● DATASET CONTENT
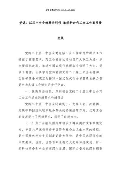 【七哥公文】2024年:党课:以三中全会精神为引领 推动新时代工会工作高质量发展+更多免费公文+VX:QiGeGongWen2024
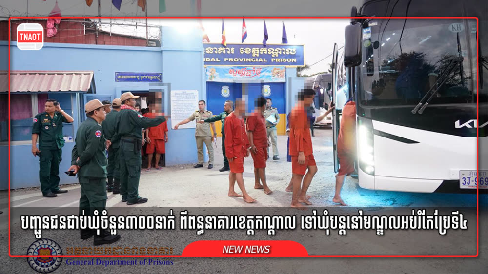 ទណ្ឌិតចំនួន ៣០០នាក់ ត្រូវបានផ្ទេរពីពន្ធនាគារខេត្តកណ្តាលទៅឃុំបន្តនៅមណ្ឌលអប់រំកែប្រែទី៤ ដើម្បីកាត់បន្ថយភាពចង្អៀតណែន
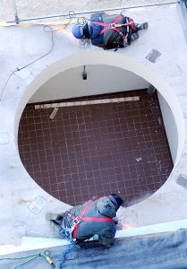 Workers prepare the area where one of three 8,000-gallon fermentors will sit at Baxter Brewing in Lewiston on Tuesday.
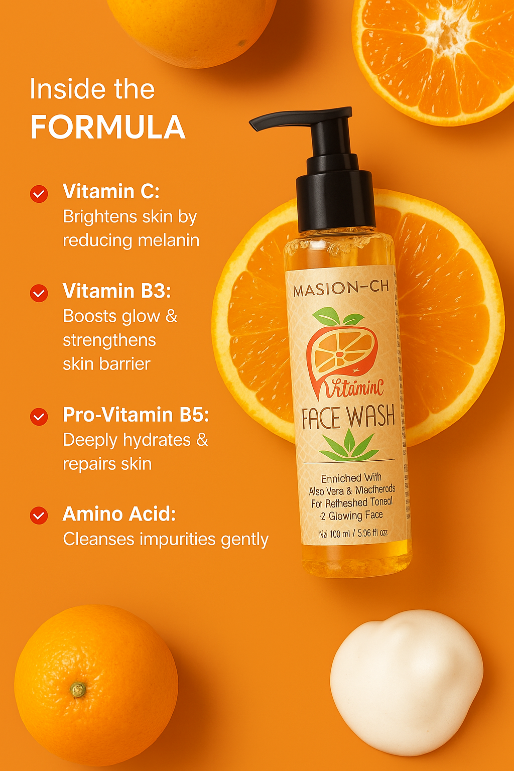 Masion – Ch Vitamin C face wash offer several benefits for the skin due to the properties of vitamin C, a powerful antioxidant.
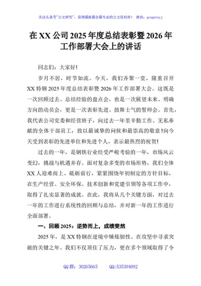 / 在XX公司2025年度总结表彰暨2026年工作部署大会上的讲话
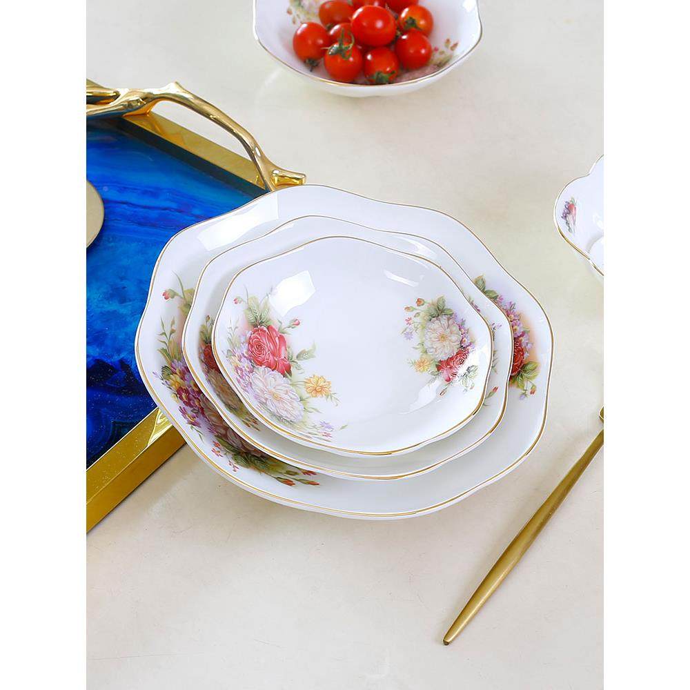 欧式骨瓷餐具套装家用圆盘平碟碗筷全套酒店摆台高档奢华陶瓷送礼
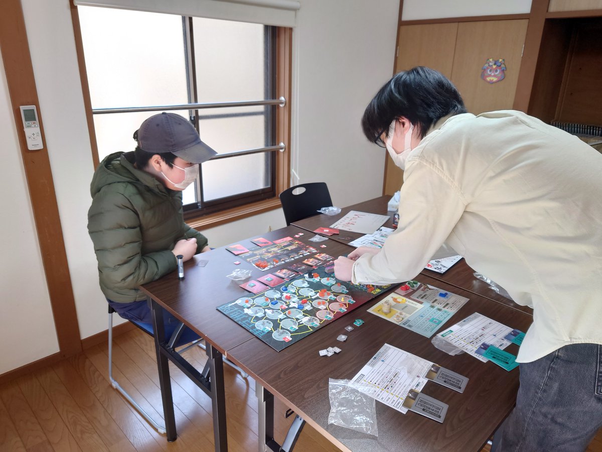 【ネモ市川】最近タイマンでいろいろなボードゲームの勝負を挑まれるスタッフ彼はこの春から中等部年齢になるんですがここ数年で思考・発想力が非常に鍛えられてきて、大人が本気でやって毎回ギリギリ勝ったり負けた..
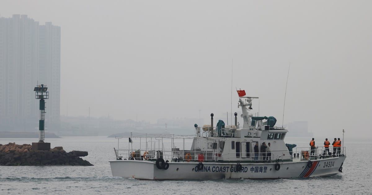 Un buque de la Guardia Costera de China frente a la costa de Qingdao, provincia china de Shandong, tras un vertido de petróleo en el Mar Amarillo (REUTERS/Carlos Garcia Rawlins)
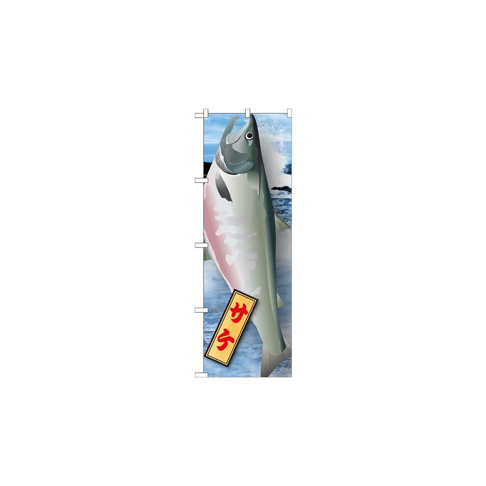 店舗やお店を盛り上げるのぼり旗。表示内容は、サケ 絵旗です。
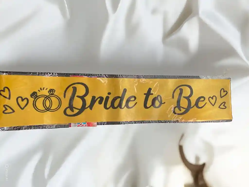 BANDA COLGANTE EN TELA DISEÑO DE BRIDE TO BE COLOR DORADO
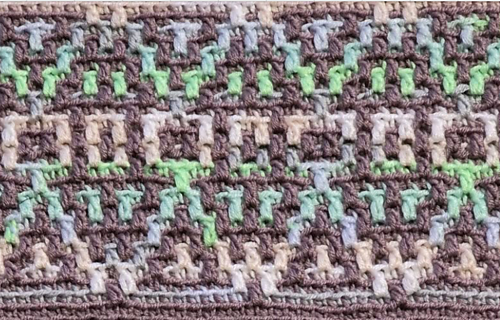 Tento moderní vzor je vhodný na deky, polštářky a další výrobky. Je háčkovaný technikou overlay mozaikového háčkování.
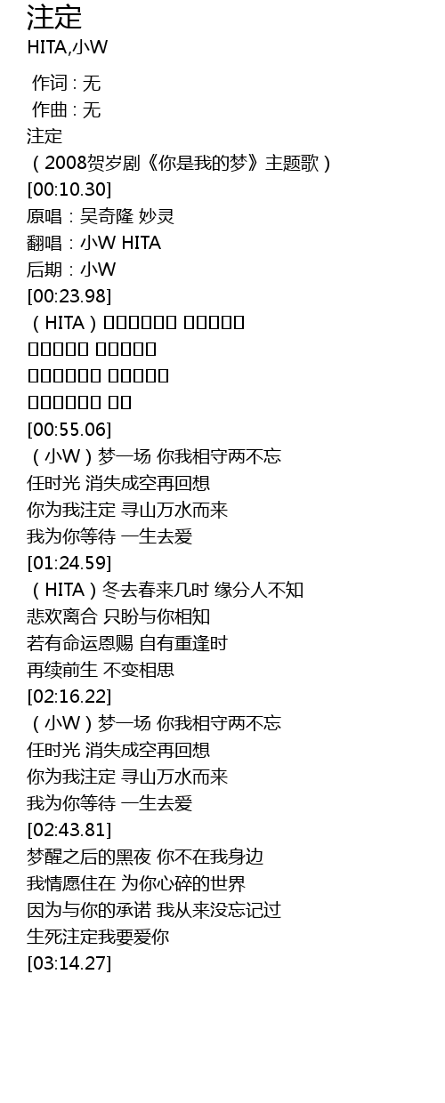 | [02:16.53] | (小W)梦一场 你我相守两不忘 |

● TASK OBJECTIVE
Skipping any pictures, copy the line that holds "店舗やお店を盛り上げるのぼり旗。表示内容は、サケ 絵旗です。" and each line after it through the last line of the records, unchanged, and no other lines.

● RESPONSE
 店舗やお店を盛り上げるのぼり旗。表示内容は、サケ 絵旗です。
 BANDA COLGANTE EN TELA DISEÑO DE BRIDE TO BE COLOR DORADO
 Tento moderní vzor je vhodný na deky, polštářky a další výrobky. Je háčkovaný technikou overlay mozaikového háčkování.
 | [02:16.53] | (小W)梦一场 你我相守两不忘 |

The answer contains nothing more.